- German picture sleeve by Ariola label

Single by T. Rex

from the album The Slider
- B-side: "Thunderwing"; "Lady";
- Released: 5 May 1972
- Genre: Glam rock
- Length: 2:25
- Label: T. Rex Wax Co.
- Songwriter: Marc Bolan
- Producer: Tony Visconti

T. Rex singles chronology
| "Telegram Sam" (1972) | "Metal Guru" (1972) | "Children of the Revolution" (1972) |

= Metal Guru =

"Metal Guru" is a song by the British rock band T. Rex, written by Marc Bolan. It was the band's fourth (and final) number one on the UK Singles Chart when it topped the chart for four weeks from May–June 1972. It was also included on the album The Slider in 1972.

==Song and recording==
Bolan himself described the song's apparent religious references as this:

Is a festival of life song. I relate 'Metal Guru' to all gods around. I believe in a god, but I have no religion.

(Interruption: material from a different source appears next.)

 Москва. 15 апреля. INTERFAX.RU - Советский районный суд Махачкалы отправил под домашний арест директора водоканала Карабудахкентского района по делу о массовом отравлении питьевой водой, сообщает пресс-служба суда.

With 'Metal Guru', it's like someone special, it must be a godhead. I thought how god would be, he'd be all alone without a telephone. I don't answer the phone any more. I have codes where people ring me at certain times.

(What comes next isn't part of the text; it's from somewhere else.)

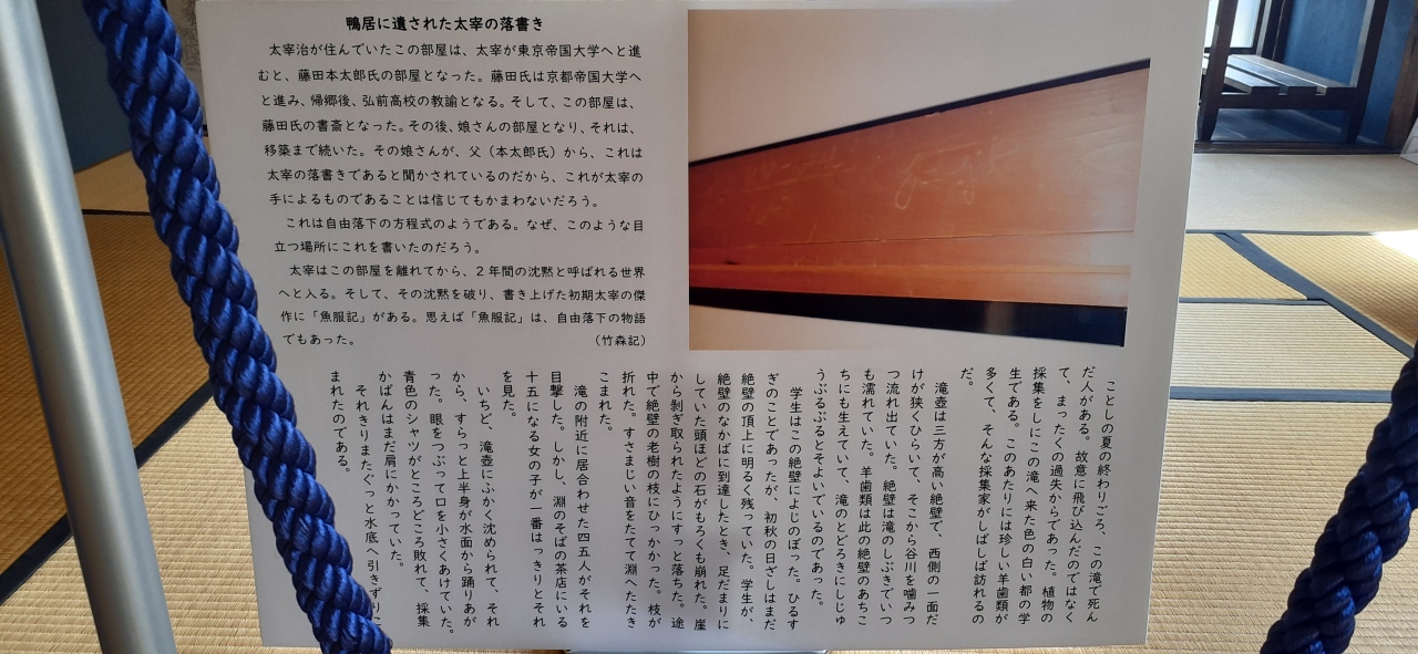 太宰が使っていた机なども保存展示されていました。- 旅行時期

The backing track for "Metal Guru" was recorded during initial sessions for The Slider between 8-12 March 1972 at Strawberry Studios, Chateau d'Herouville in France. At that point it had a stripped-down acoustic arrangement, with massive overdubs of electric guitars, orchestra, and backing vocals by Flo and Eddie added a few weeks later in London.

==Release and reception==
The single was released on 5 May 1972 with the b-sides "Thunderwing" and "Lady". T. Rextasy was peaking in Britain at this time as it followed three preceding number one singles (and two number 2s), as well as Electric Warrior being the UK's best-selling album of 1971. Demand for T. Rex product was so hot at this time that two Fly repackages, a double set of Tyrannosaurus Rex's first two albums along with a greatest hits titled Bolan Boogie, both also topped the UK Albums Chart at the same time as "Metal Guru", the latter staying at the summit for four consecutive weeks. However, despite coming only ten months after the success of "Get It On", it failed to chart in the United States. The song reached No. 45 in Canada in July 1972.

Critical reception in the UK, like its commercial reception, was largely ecstatic. Roy Hollinghurst of Melody Maker gushed "swishy, dizzy, and full, and what's more it's 1972 and there's an idol there for idolising". Penny Valentine of Sounds noted that it was a throwback to 1950s doo-wop and forecasted another number one success, while Val Mabbs of Record Mirror opined that it was "catchy, repetitive, and insistent" and also predicted a number one. In the US, Cash Box noted an "intriguing use of strings and choir".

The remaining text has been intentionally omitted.